Publisher considers the sensory attributes of paper

The person choosing a printing paper thinks of how the paper could enhance the magazine’s brand. Paper makers want to understand this process and terminology better.

The paper I’m holding, is it chic? This is the question many European publishers or editors-in-chief ask themselves when choosing a magazine paper. Then again, a Finnish paper engineer thinks about weight, opacity and processability.

Ms. Laura Ryhänen, Marketing Superintendent at Stora Enso, wrote her Master’s thesis on the role of the senses in selecting magazine papers.

“The car industry is light years ahead in taking senses into account. No one buys a car based on its technical data only, but you go and see it and test drive it. Your needs and the car’s image, technical details and price need to match,” Ryhänen says.

Deeper understanding on customer’s processes

Paper is marketed on the basis of technical data. Production times and prices are the major factors limiting the magazine paper grades that can be considered for use. To the person in charge of buying paper for a publisher, this technical data gives an idea of the paper. To large extent, he or she decideds the paper grades from which the final selection is made.

However, the magazine’s editor-in-chief, who does not necessarily know about the technical details, is strongly involved in the final selection. What the editor-in-chief knows is the magazine’s brand which the paper selected must support and strenghten.

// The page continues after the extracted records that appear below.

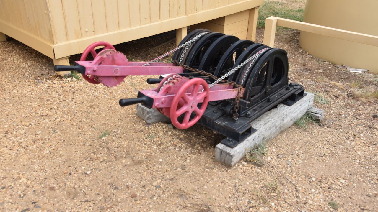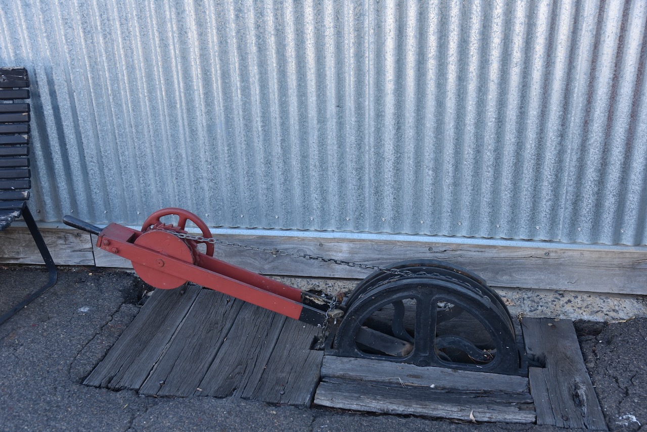 After leaving the park we visited the Mopoke Water Wheel on Blanket Gully Road, Campbells Creek. The water wheel was constructed in 1887, the same year that the Garfield Water Wheel at Chewton was built. The Mopoke Water Wheel was used to drive the ten-head stamp battery of the Bendigo and Fryers Goldmining Company. The wheel had a diameter of 60 feet and the gear had a diameter of 40 feet. It was in operation until c. 1900. (Gold Fields Guide 2024)
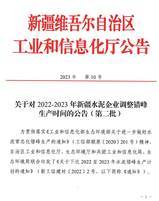 寧夏回族自治區(qū)要求全區(qū)所有水泥熟料生產(chǎn)企業(yè)2022年11月1日~2023年3月10日期間錯(cuò)峰生產(chǎn)130天,時(shí)限內(nèi)未完成錯(cuò)峰生產(chǎn)的天數(shù)需在2023年6月底前補(bǔ)足。
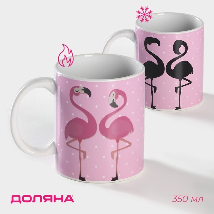 Кружка - хамелеон керамическая Доляна «Фламинго», 350 мл, цвет розовый
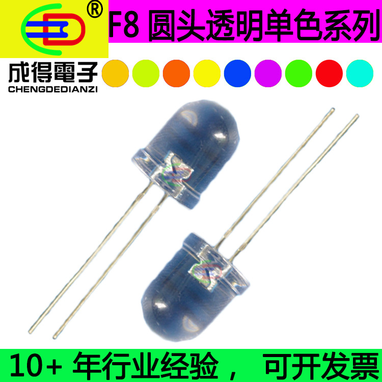 8mm圆头透明白发红色黄绿 蓝灯 白光橙色 暖白光高亮led灯珠 白色
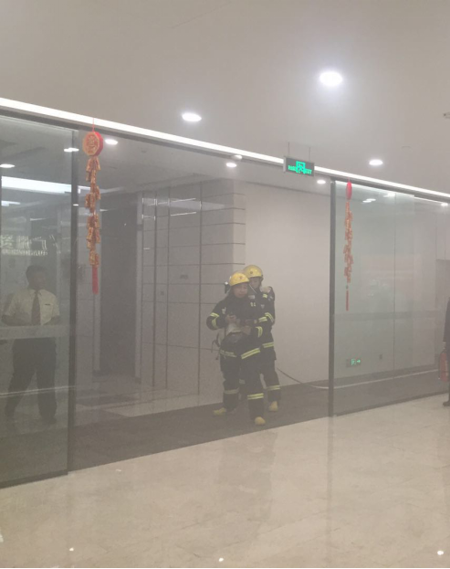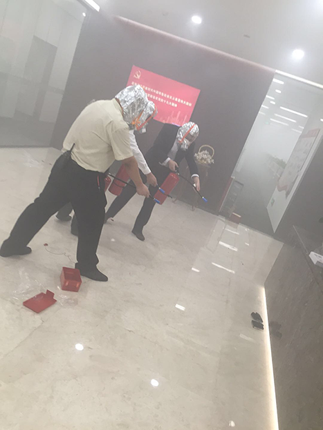 本次演练模拟广州资产前台电线短路导致发生火警,被员工发现并立即使用灭火器进行初期火灾扑救,并大声呼喊员工撤离大厦,同时打电话向大厦消防中心报告火警。大厦消防中心接到火灾报警,立即通知当值安防人员携带灭火器在规定时间内到达58层进行火灾扑救。
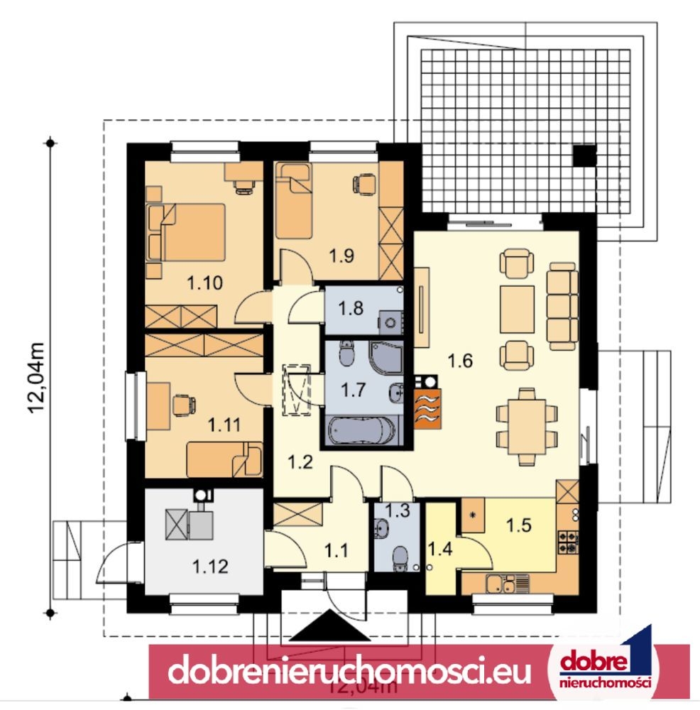 Nieruchomość o powierzchni użytkowej 106,09 m² została zaprojektowana z myślą o komforcie codziennego życia – funkcjonalny układ pomieszczeń w całości na parterze sprawia, że dom idealnie sprawdzi się zarówno dla rodzin z dziećmi, jak i osób ceniących wygodę.

”In my thesis, I looked into how we can better help the buyers choose from the paper grades on the basis of the sensory attributes associated with them, in various stages,” Ryhänen says.

Ryhänen interviewed 16 representatives of European publishers for her thesis. “As a result, we got a better idea of how the customers’ process of choosing a paper works overall.”

Thanks to her research, the customers also had some ‘eureka’ moments concerning their own practices and issues that affect their decisions.

Paper’s sound and smell matter

The important issue is how photos and text will look when printed on a particular grade of paper.
“Still, publishers also think about how paper feels in your fingers when you turn the pages, what it smells like, what kind of noice is created when you turn the pages,” Ryhänen says.

A paper which rustles is thought to be ”real” paper but also of low quality. The papers used in upmarket fashion or lifestyle magazines do not rustle, they sigh or whisper.

For many, image of environmentally friendly paper means it has a matt or silky feel, or may even be rough. Shiny coated magazine paper is seen as less friendly to the environment.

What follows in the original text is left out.